首先,我们建立两个tomcat,提供metrics接口,你用其他的服务,也可以。
 
[root@ops1 test]# kubectl create ns tomcat
namespace/tomcat created
[root@ops1 test]# cat <<EOF > tomcat-test1.yaml 
apiVersion: apps/v1
kind: Deployment
metadata:
  name: tomcat-test1
  namespace: tomcat
  labels:
    k8s.eip.work/layer: svc
    k8s.eip.work/name: tomcat-test1
spec:
  replicas: 1
  selector:
    matchLabels:
      k8s.eip.work/layer: svc
      k8s.eip.work/name: tomcat-test1
  template:
    metadata:
      labels:
        k8s.eip.work/layer: svc
        k8s.eip.work/name: tomcat-test1
    spec:
      containers:
        - name: tomcat-test1
          image: 'registry.cn-beijing.aliyuncs.com/wangzt/k8s/tomcat:v1.3'
 
---
apiVersion: v1
kind: Service
metadata:
  name: tomcat-test1
  namespace: tomcat
  labels:
    k8s.eip.work/layer: svc
    k8s.eip.work/name: tomcat-test1
spec:
  selector:
    k8s.eip.work/layer: svc
    k8s.eip.work/name: tomcat-test1
  type: NodePort
  ports:
    - name: tomcat-web
      port: 80
      targetPort: 8080
    - name: metrics
      port: 9090
      targetPort: 9090
EOF
[root@ops1 test]# kubectl apply -f tomcat-test1.yaml
[root@ops1 test]# cp tomcat-test1.yaml tomcat-test2.yaml && sed -i 's&tomcat-test1&tomcat-test2&' tomcat-test2.yaml && \
     sed -i 's&v1.3&v0.8&' tomcat-test2.yaml && kubectl apply -f tomcat-test2.yaml
 
这时我们可以发现,tomcat-test1是好的,tomcat-test2是不可用的,这样方便对比
[root@ops1 test]# curl http://10.100.33.236:9090/metrics
# HELP tomcat_bytesreceived_total Tomcat global bytesReceived
# TYPE tomcat_bytesreceived_total counter
 
 
 
对命名空间tomcat带有标签k8s.eip.work/layer: svc的服务进行监控
[root@ops1 test]# cat <<EOF > prometheus-serviceMonitorTomcatTest.yaml 
apiVersion: monitoring.coreos.com/v1
kind: ServiceMonitor  # 提交给这个crd接收
metadata:
  labels:
    app: prometheus-operator-tomcat-test
    chart: prometheus-operator-8.12.3
    release: prometheus-operator    # 根据这个标签进行筛选
  name: prometheus-operator-tomcat-test
  namespace: monitoring
spec:
  endpoints:
  - interval: 30s # 每30s获取一次信息
    path: /metrics  # 对应service的访问路径
    port: metrics  # 对应service的端口名
  jobLabel: k8s.eip.work/layer
  namespaceSelector:   # 表示去匹配某一命名空间中的service,如果想从所有的namespace中匹配用any: true
    matchNames:
    - tomcat  
  selector:  # 匹配的 Service 的labels,如果使用mathLabels,则下面的所有标签都匹配时才会匹配该service,如果使用matchExpressions,则至少匹配一个标签的service都会被选择
    matchLabels:
      k8s.eip.work/layer: svc # 匹配servic带这个标签
EOF
[root@ops1 test]# kubectl apply -f prometheus-serviceMonitorTomcatTest.yaml 
servicemonitor.monitoring.coreos.com/prometheus-operator-tomcat-test created
 
 
这时我们访问prometheus配置界面,就显示一个好用一个不好用了
 
3. 配置报警触发规则
 
服务可用性超过一半,我们先来看这条语句
 
然后我们来配置报警规则。

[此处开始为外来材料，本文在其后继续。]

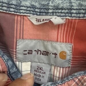 VTG Carhartt Relaxed Fit Pearl Snap Cowboy Shirt Short Sleeve Mens 2XL Western
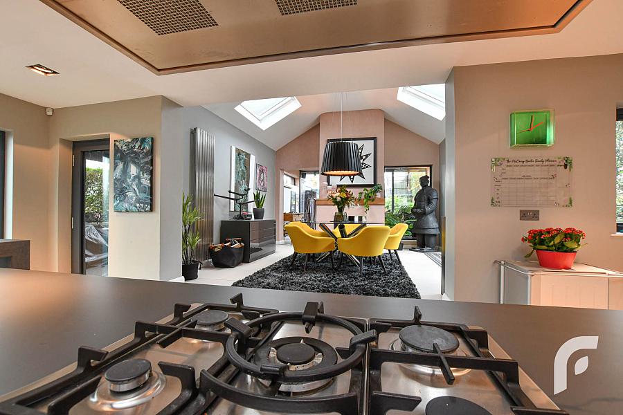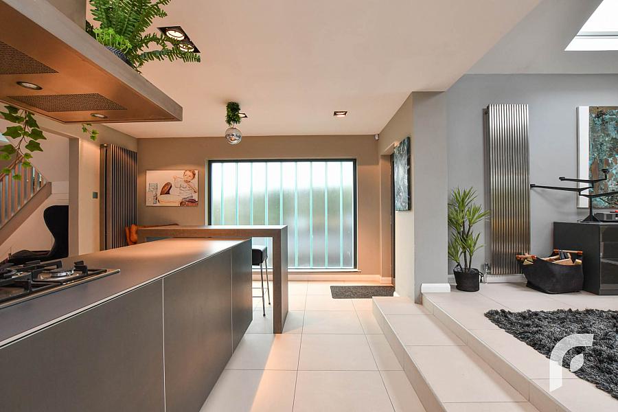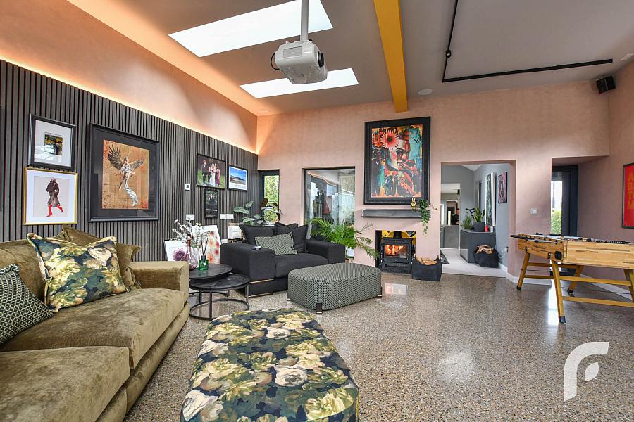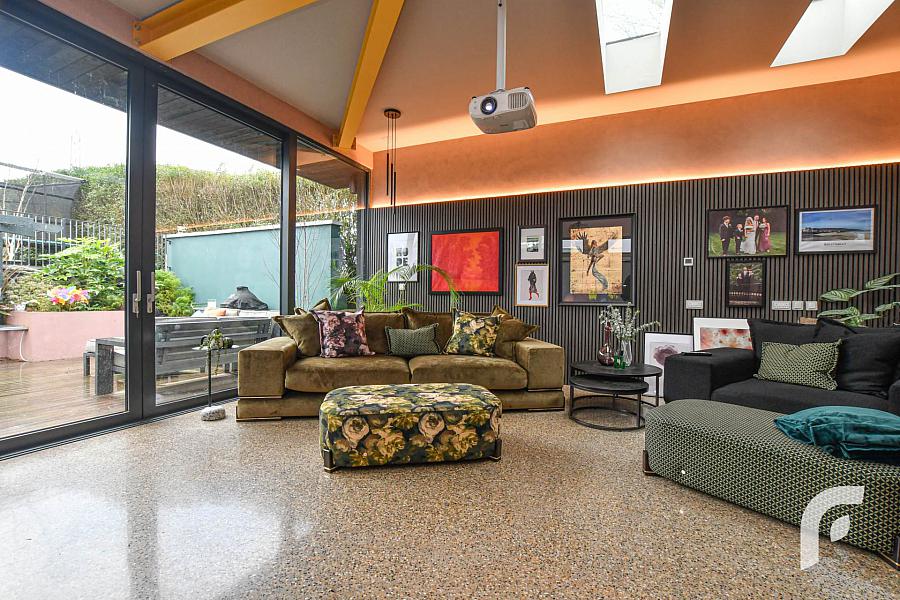 Family/Cinema Room - 20`4` x 20`5` - 12ft high ceiling, two roof lights, exposed steel beams, tunnel log burner, 6m glazing, polished concrete flooring with underfloor heating.
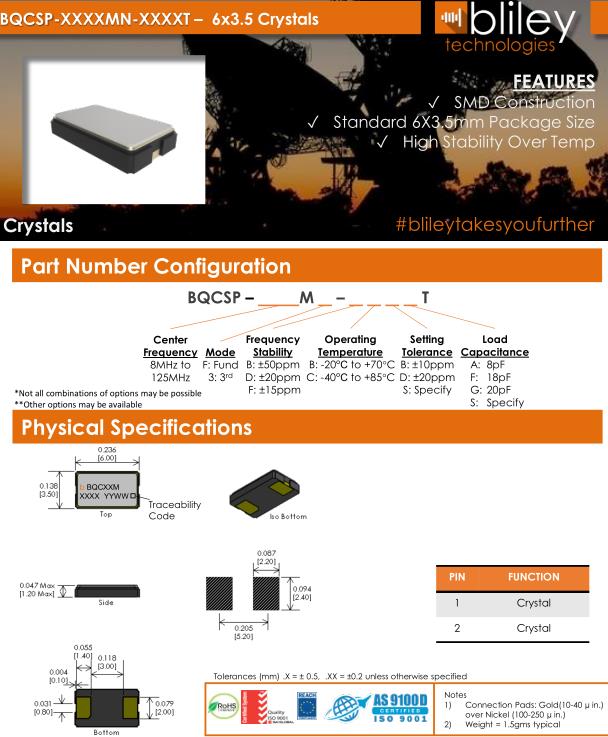 Bliley晶振,BQCSP晶振,BQCSP-26.000M-FBBFT晶振,貼片晶振本身體積小,超薄型石英晶體振蕩器,特別適用于有目前高速發展的高端電子數碼產品,因為晶振本身小型化需求的市場領域,小型,薄型是對應陶瓷振蕩器(偏差大)和普通的石英晶體振蕩器(偏差小)的中間領域的一種性價比較出色的產品.產品廣泛用于筆記本電腦,無線電話,衛星導航SSD,USB,Blu-ray等用途,符合無鉛焊接的高溫回流焊曲線特性.Bliley晶振公司發展歷史:
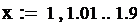 в точках, расположенных через равные интервалы по оси x, до тех пор, пока не
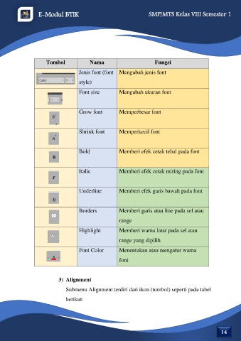 Submenu Alignment terdiri dari ikon (tombol) seperti pada tabel
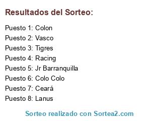 Lista de participantes: Colon, Tigres, Racing, Lanus, Colo Colo, Vasco, Jr Barranquilla, Ceará.
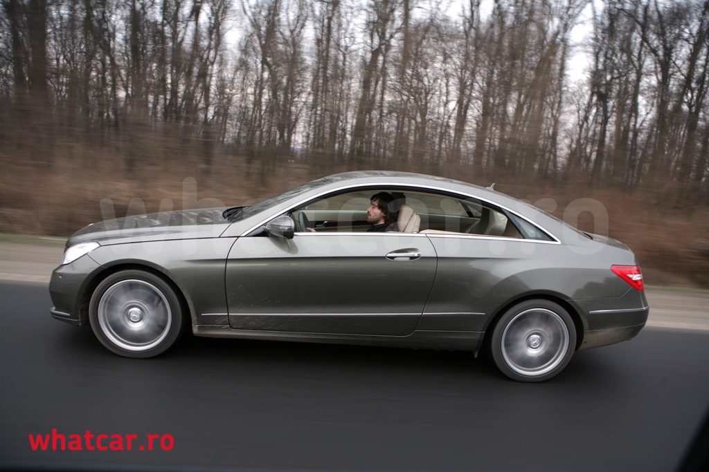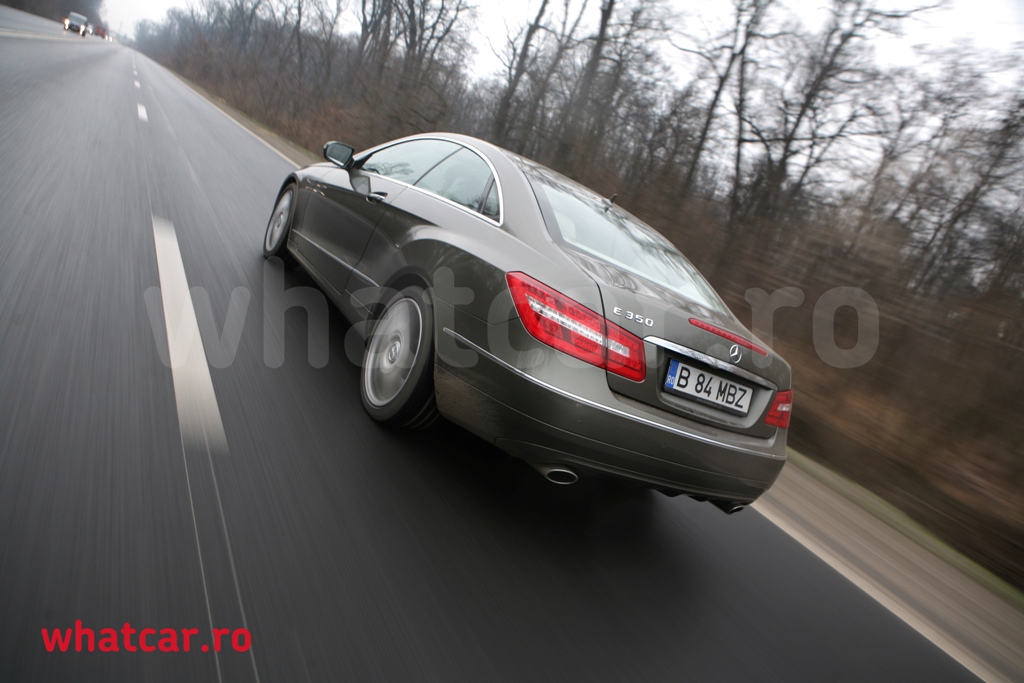 Da, cu acesta masina, cu acesta cutie si cu acest motor poti accelera in treapta a III-a de la 30 km/h (1.200 rpm) pana la 140 km/h. Si cel mai frumos lucru ca masina nu pare sa depuna nici cel mai mic efort pentru asta. Iar felul in care E350 Coupe poate sta pe viraje este la fel de uimitor, si asta pentru ca nu te vei da jos cu dureri de spate. Felul in care suspensia fost gandita, sa realizeze acel compromis perfect intre confort si stabilitate pe viraje, este la fel de impresionant.
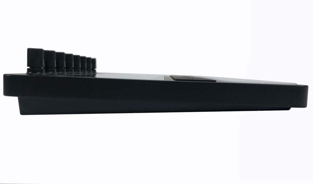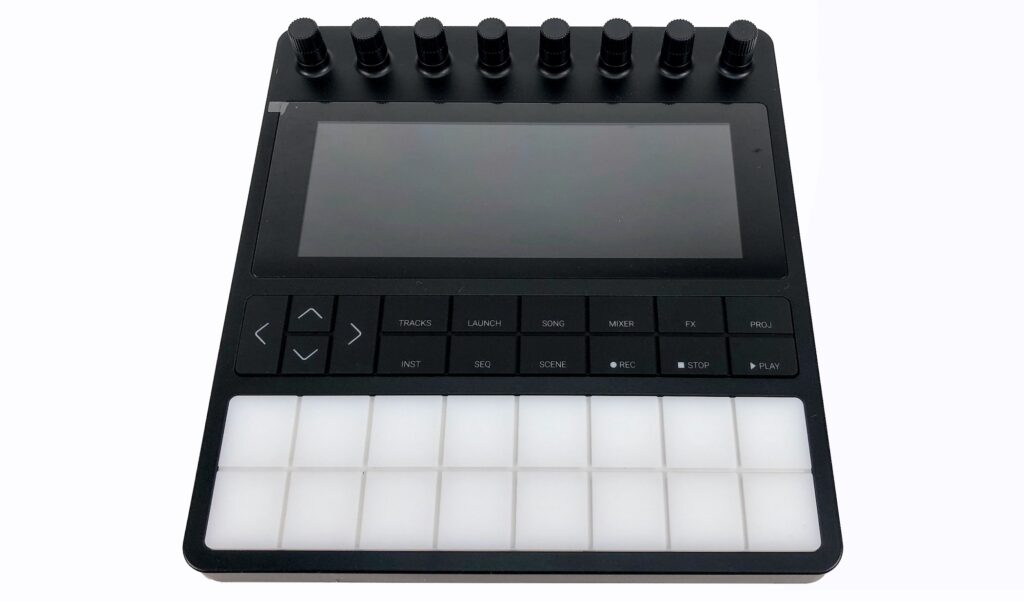 Die stylische Oberfläche wird mit 16 Gummitastern bedient, die hintergrundbeleuchtet beschriftet sind, sodass man auch auf dunkler Bühne alles im Griff hat. Über diese erreichen wir die Funktionsebenen wie Tracks, Launch, Song, Mixer, FX, Projekt, Instrument, Sequenz, Scene sowie die drei Transportbuttons für Record, Stop und Play. Bitte alle diese Begriffe gut merken, sie werden im Laufe des Tests noch abgefragt.

服务死亡率超过一半则报警。
添加标签k8s_eip_work_layer: svc,alertmanager将会根据此标签选择报警规则
[root@ops1 test]# cat  <<EOF > prometheus-operator-tomcat-rules.yaml 
apiVersion: monitoring.coreos.com/v1
kind: PrometheusRule
metadata:
  labels:
    chart: prometheus-operator-8.12.3
    heritage: Tiller
    app: prometheus-operator
    release: prometheus-operator
  name: prometheus-operator-tomcat-test.rules
  namespace: monitoring
spec:
  groups:
  - name: tomcat-test.rules
    rules:
    - alert: tomcat-down
      expr:  count( up{namespace="tomcat"} == 0 )by (job) > ( count(up{namespace="tomcat"})by (job) / 2 - 1)
      for: 2m
      labels:
        alertManagerRule: node  # 注意这行,alertmangar要根据这个标签来进行报警
      annotations:
        description: "{{$labels.instance}}: Tomcat Service Is Down"
EOF
[root@ops1 test]# kubectl apply -f prometheus-operator-tomcat-rules.yaml
prometheusrule.monitoring.coreos.com/prometheus-operator-tomcat-test.rules created
 
 
我们可以进入到容器里,看到规则已经添加进去了
[root@ops1 test]# kubectl exec -it prometheus-prometheus-operator-prometheus-0 /bin/sh -n monitoring
Defaulting container name to prometheus.
Use 'kubectl describe pod/prometheus-prometheus-operator-prometheus-0 -n monitoring' to see all of the containers in this pod.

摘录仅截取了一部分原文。